The problem is the pipe, not the loop. Try it this way

问题是管道，而不是循环。试试这个方法

let i=0
declare -a arr

while read -r line ; do
    arr=(${line})
    let i=i+1
    _constr+="${arr[2]} "
done < <(dpkg --list |grep linux-image |grep "ii  ")

echo $i
echo ${_constr}

You should also pre-declare globals for clarity, as shown above.

为清楚起见，您还应该预先声明全局变量，如上所示。

Pipes are executed in a subshell, as noted by Blagovest in his comment. Using process substitution instead(this is the < <(commands)syntax) keeps everything in the same process, so changes to global variables are possible.

正如 Blagovest 在他的评论中所指出的那样，管道在子外壳中执行。使用进程替换（这是< <(commands)语法）将所有内容保留在同一进程中，因此可以更改全局变量。

Incidentally, your pipeline could be improved as well

顺便说一句，您的管道也可以改进

dpkg --list |grep '^ii.*linux-image'

One less invocation of grepto worry about.

少一个grep担心的调用。

This somewhat by-passes your question (and it's a good question), but you can achieve the same results using simply:

这在某种程度上绕过了您的问题（这是一个好问题），但是您可以使用简单的方法获得相同的结果：

 _constr=($(dpkg --list | awk '/^ii.*linux-image/{print }'))

The ($(cmd))construct initialises a bash array using the output of the command within.

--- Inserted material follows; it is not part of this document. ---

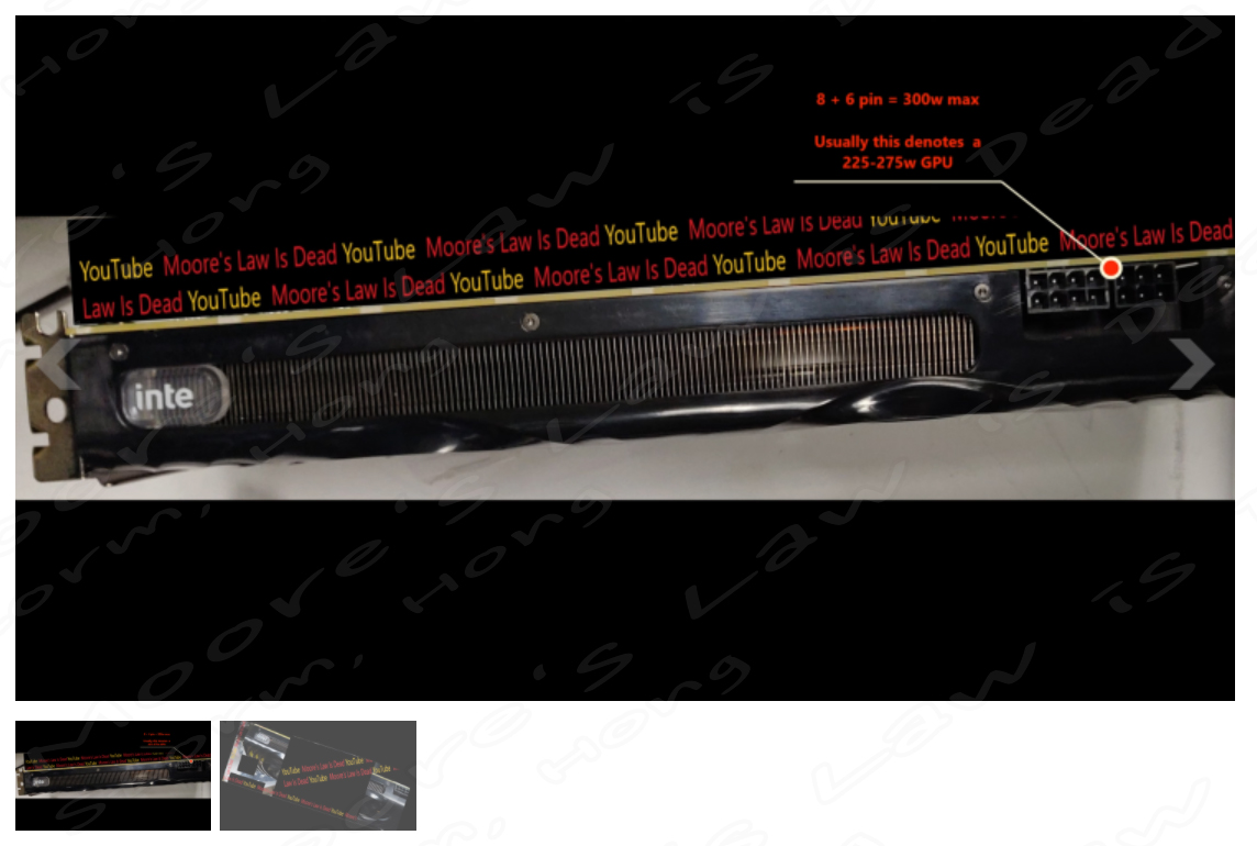 이 카드는 8 + 6 핀 커넥터 구성을 특징으로 하며, MLID는 Intel Xe-HPG DG2 게임용 개별 그래픽 카드의 예상 TDP가 최대 275W가 될것으로 예상, 예측, 루머, 소문이 나오고 있습니다. PCB 또는 뒷면은 MLID의 소스를 추적 할 수 있는 내용들이 포함하고 있으므로 누출 등이 표시되지 않았습니다.

该($(cmd))构造使用其中的命令的输出初始化一个 bash 数组。

[me@home]$ echo ${_constr[*]}
linux-image-2.6.35-22-generic linux-image-2.6.35-28-generic linux-image-generic
[me@home]$ echo ${_constr[2]}
linux-image-generic

and you can get the number of elements using ${#_constr[*]}.

并且您可以使用${#_constr[*]}.

[me@home]$ echo ${#_constr[*]}
3

Alternatively, you can move the echo statements inside the subshell:

或者，您可以在子外壳内移动 echo 语句：

dpkg --list |grep linux-image |grep "ii  " | (
  let i=0
  declare -a arr

  while read line
  do
    arr=(${line})
    let i=i+1
    _constr+="${arr[2]} "
  done
  echo $i
  echo ${_constr}
)

Note the insertion of the parenthesis to explicitly define where the subshell begins and ends.

请注意插入括号以明确定义子外壳的开始和结束位置。